READ: F**k The Radio, We’ve Got Apple Juice

In an extract from her book, F**k the Radio, We've Got Apple Juice, Miranda Ward muses on those first, all-consuming effects of music in our formative years and the role of music as a tool for communication

At the heart of F**k The Radio, We’ve Got Apple Juice is the story of Oxford-based band Little Fish (whose members have recently reformed as Candy Says – http://candysays.it/). A few years ago, they were living the dream – they’d signed to a major label, recorded an album in LA, and played all over the world, supporting acts like Them Crooked Vultures, Courtney Love, and Blondie. And then, in early 2011, they did the opposite of what the traditional rock ‘n’ roll myth says you should do: they left their label, came home, set up a recording studio in their garage, and started doing it all themselves. The book is about what happened to Little Fish, but it’s also about success, value, relationships, and how to survive as an artist or creator in a world that doesn’t want to pay for anything.

At 14 I fell in love for the first time. He was in a band and we shared a passion for music, or perhaps I should say we shared a prejudice about music: we each considered our tastes to be vastly superior to those of pretty much anyone else, at least in our age group, and we both believed firmly that you could judge a person by what was in her portable CD player. He was the only boy who had ever shown me any positive attention, and we spent three blissful months making out in the library during lunch before, just as school was letting out for the summer, he dumped me. At the time it was unexpected, though in retrospect the line “I’ve told other girls I loved them, but this time I really mean it” delivered two weeks into our relationship as earnestly as a slightly spotty and very scrawny high school freshman in a Blink-182 t-shirt could possibly deliver it, should have been a clue that this was more a spring- time fling than a great love affair.

I duly spent the summer sulking – about the break-up, initially, but then about everything, anything.
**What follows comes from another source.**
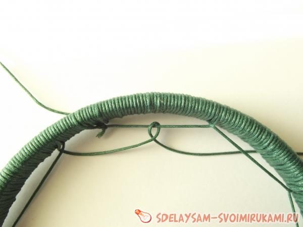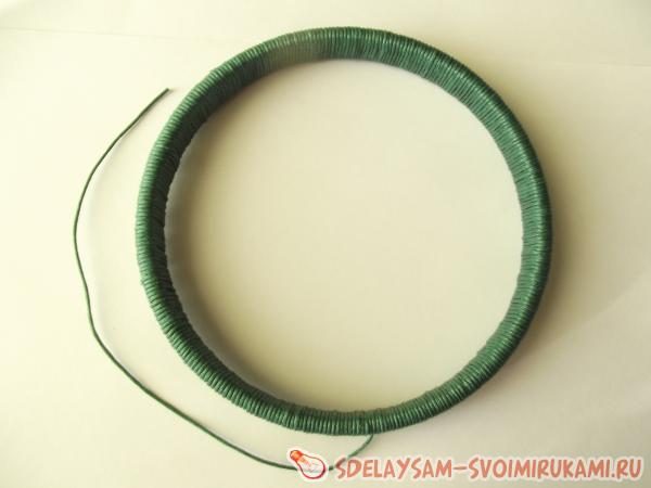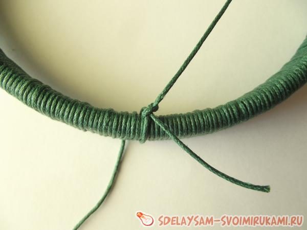 К кольцу, взятому за основу амулета, нужно крепко привязать длинный шнур, оставив около 20 другого края свободным для крепления бусин и перьев. Начинайте плотно обматывать нить вокруг основы, стараясь не оставлять промежутков между оборотами. Желательно, чтобы нить не обрывалась в процессе. Обмотав всю основу, крепко привяжите нити к шнуру, оставленному в начале работы. Все узелки можно смазывать прозрачным быстросохнущим клеем, чтобы укрепить их.

My best friend and I adopted a uniform that I hoped conveyed our adolescent outrage at the unfairness of love and life; we dyed our hair, painted our fingernails black, ripped our fishnet stockings, wore shirts that were deliberately (and not at all flatteringly) too small, bought plastic studded belts and slung them around our tiny waists like a beauty queen’s sash. I played a song called Why Doesn’t Anybody Like Me? by a band called No Use For a Name on repeat. (When I listen to this song now, for research purposes, I can’t tell if I’m uncomfortable because it reminds me so powerfully of my own teenage awkwardness or because it’s simply very bad music.)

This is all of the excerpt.